A 2023 Gallup survey found 29% of U.S. adults reported being diagnosed with depression at some point in their lifetime, a jump of more than 10 points from 2015. Meanwhile, the share of Americans being treated for depression has reached nearly 18%, the highest rate since Gallup began measuring depression rates using its current form of data.
Additionally, researchers at Mount Sinai’s Center for Neuromodulation report that around 3 million Americans have what they call severe treatment-resistant depression. However, thanks to a scientific breakthrough, help may be on the way.
Researchers are reportedly testing deep brain stimulation (DBS) as a remedy for people with extreme depression. Doctors said the results are encouraging, and they believe that federal approval may come soon in the United States.
The Mayo Clinic reported that the medical procedure is already being used to treat Parkinson’s, Tourette syndrome and epilepsy. Now, Abbott Laboratories, which manufactures deep brain stimulators, is looking to get the device approved to treat depression. The Food and Drug Administration has reportedly agreed to expedite the decision-making process for Abbott.
“At first I was blown away because the concept of it seems so just intense,” said Emily Hollenbeck, who is receiving the treatment for her depression. “Like, it’s brain surgery. You have wires embedded in your brain.”
Hollenbeck said her treatment-resistant depression started after her parents’ deaths. Hollenbeck said she decided to try deep brain stimulation after exhausting all other efforts.
“My family has a very long history of mental illness and depression, specifically,” Hollenbeck said. “My parents actually both took their lives before I was 30.”
According to The Associated Press, during the procedure, surgeons implant electrodes into the brain, which are attached to a device placed under the skin in the chest. The device then controls electrical stimulation and delivers low-voltage pulses.
“Very, very simple, DBS, deep brain stimulation, is a pacemaker for the brain,” said Dr. Brian Koppell, who works at Mount Sinai’s Center for Neuromodulation.
Koppell said the stimulation creates electricity that “speaks the brain’s language.” Koppell explained that in a normal brain, electrical activity resonates freely, in what he likened to a “dance.”

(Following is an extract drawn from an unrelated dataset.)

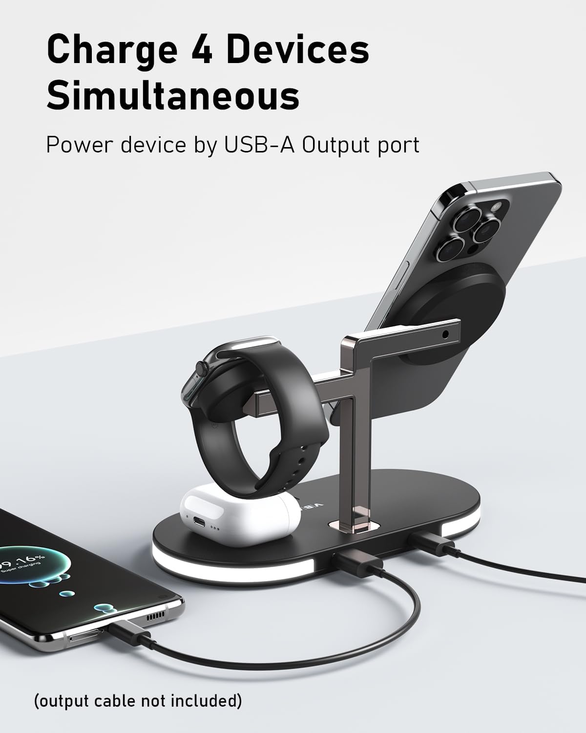 - 【4-in-1 Charging station for Apple Devices】 This magnetic wireless charger station can charge your iPhone,Apple watch and AirPods simultaneously. Meanwhile,the back USB-A output port lets you plug in a cable to power a fourth device (Android phones or any USB gadget). Compact and space-saving design,keep your desk neat and organized,clutter-free solution for your Apple devices.

In a brain with depression, Dr. Koppell said that the “dancers” get stuck. DBS works to free the “dancer” or circuit, allowing the brain to function normally. For patients like Hollenbeck, the results are life-changing.
“If I hadn’t had DBS, I’m pretty sure I would not be alive today,” Hollenbeck said.
“The first day after surgery, she started feeling a lifting of that negative mood, of heaviness,” said Dr. Martin Figee, Hollenbeck’s psychiatrist. “I remember her telling me that she was able to enjoy Vietnamese takeout for the first time in years and really taste the food. She started to decorate her home, which had been completely empty since she moved to New York.”
Despite promising research, there are risks such as infections, stroke and bleeding. The Mayo Clinic warns that in rare cases, the movements involved in swimming can be affected. However, the research hospital does say that it is a low-risk surgery.
New York University Langone Health also promotes DBS for depression, which it said “may ease severe symptoms of depression not adequately controlled by therapy, medication, or electroconvulsive therapy.” However, NYU Langone advises that it is appropriate “only for people with severe depression whose symptoms do not respond to medication.”
NYU Langone also said despite FDA still needing to approve the procedure for depression, “several clinical studies have shown it can be used safely and effectively.”
Setbacks have also been a part of research involving DBS. At first, large studies showed little to no difference in treated and untreated groups.
Dr. Stanley Caroff, a professor of psychiatry at the University of Pennsylvania, said that scientists are still figuring out the exact mechanisms in the brain that create depression, which makes it difficult to pick an exact spot to stimulate and select the right patients for DBS.
“I believe from a psychiatric point of view, the science is not there,” Dr. Caroff said when discussing DBS.
However, doctors involved in testing contend that the previous research only focused on short-term results, and treatments were not personalized.
Later research in 2022 revealed that DBS provided long-term, stable relief for patients with depression. Overall, DBS for depression is associated with response rates of 60%. Now, treatments are tailored to individuals with neuroscientists using brain scanning technology to find the precise location to implant electrodes.
“Everybody’s brain is a little different, just like people’s eyes are a little further apart or a nose a little smaller or bigger,” said Dr. Helen Mayberg, who led early research on the procedure.
Abbott Laboratories is now reportedly scheduling a large-scale clinical DBS trial this year.
“The field is advancing quite quickly,” said Dr. Katherine Scanos, a psychiatrist with the University of California, San Francisco. “I’m hoping we will have approval within a short time.”
The Associated Press contributed to this report.